Of all those who groan, who groans with the most wrenching depth? Who groans with the most convincing eagerness? Gasping and panting…. Who is the champion of all who groan? Of course, the woman in labor. No one groans like her. We’re going to focus on mothers birthing babies for our ‘Labor’-Day-weekend sermon this year.

babyI don’t think it is an accident that the mother in labor shares with Christ in His great groan of longing, the groan He groans to the Father on behalf of our whole race. The groan that opened the ears of the deaf, that loosened the tongue of the mute, the groan that brought Lazarus back from the dead.

Some of us will never have children of our own. But that’s not the point exactly. We heard St. James exhort us, “Do not show partiality to those with rings and fine clothes. Do not despise the shabby ones, the poor child and the dark-skinned immigrant. God has promised the Kingdom to the ones with no extra cash.”

Forgive me, but I have to say this. Everyone know who Margaret Sanger is? Founded Planned Parenthood. And Donald Trump? I think everyone knows who he is. Anyway, what do they have in common? Rings and fine clothes? Maybe. But what they definitely have in common is: don’t like dark-skinned babies being born north of the Rio Grande.

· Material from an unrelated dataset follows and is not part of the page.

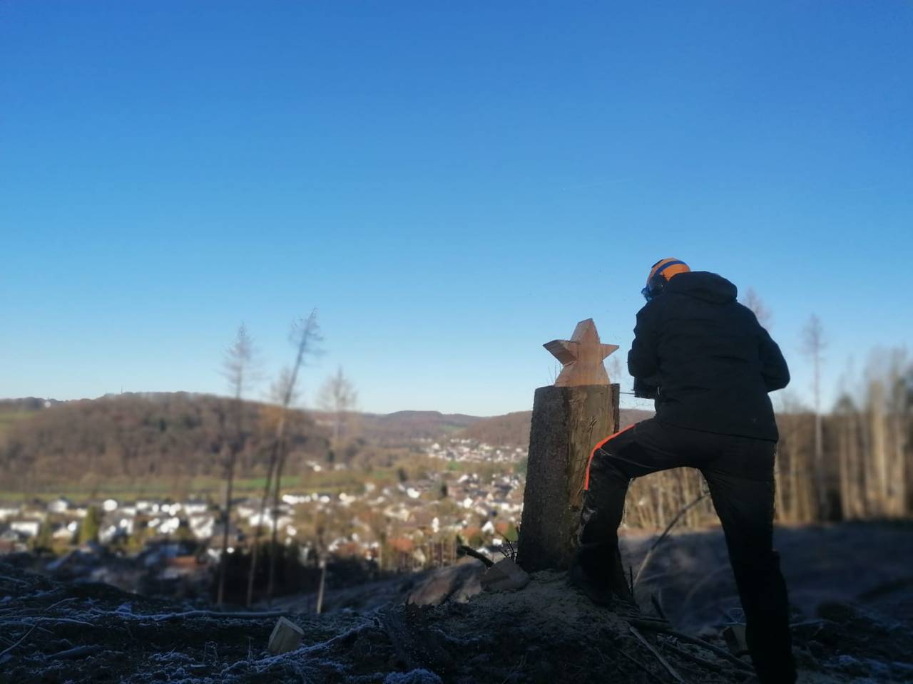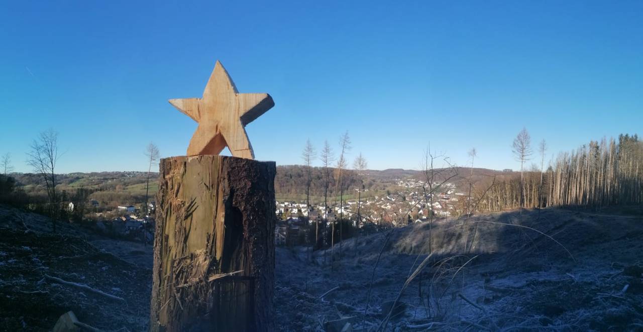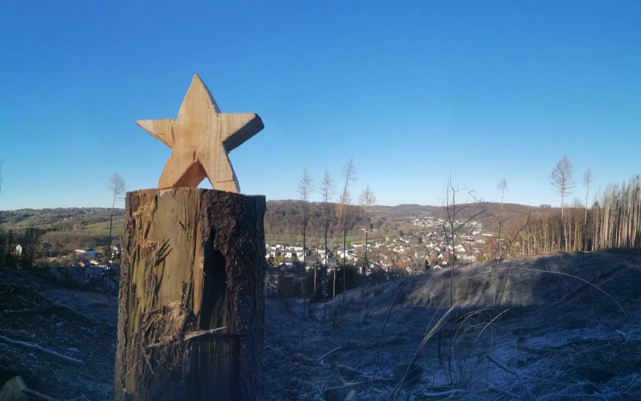 Caroline und Florian aus Lohmar-Neuhonrath haben bei einem ihrer Spaziergänge festgestellt, dass der Wald durch das Fichtensterben ziemlich mitgenommen aussieht. Mit einer Kettensäge haben die beiden zwischen Weihnachten und Neujahr Sterne aus den Baumstümpfen gesägt, um den abgeholzten Wald wieder zu einem schöneren Ort zu machen.

My point is: Union with God in Christ means rejoicing at the birth of the poorest child. It means seeing with clear eyes that any newborn baby is worth a thousand Lexuses and a million rings. Because, through all the strife of mothers giving birth, through all the groaning, the Lord is giving us the future He wills for us. Through all this groaning, the Lord is opening up the only real door to the Kingdom of heaven. In the eyes of a poor child, the smile of a little child—a child who has nothing to his or her name, except his admiration for the shininess of the world.

We Christians cannot help but groan when we encounter the un-kept promises of Eden. The human race turned away from the Garden of God, just to build our own dingy castles the way we want them to be, according to all our supposed brilliance and awesomeness, on our own masterful terms. Why bother me to gaze at the dappled light on the mountainside? Can’t you see I’m checking my facebook! Pray? Who has time for such nonsense these days?

GROAN.

Christ’s groan says these two things at the same time: To the Father He cries, “See how my brethren suffer under the burden of having themselves shattered the paradise You made for them?” To us, Christ’s groan declares, “Groan with Me, my chosen ones, full-throated and unsparingly! Do not fall silent in despair. No. Groan and groan with me to the Father. Because He has plans for welfare, not for woe. This moment of trial and strife will pass. A beautiful future will soon be born.”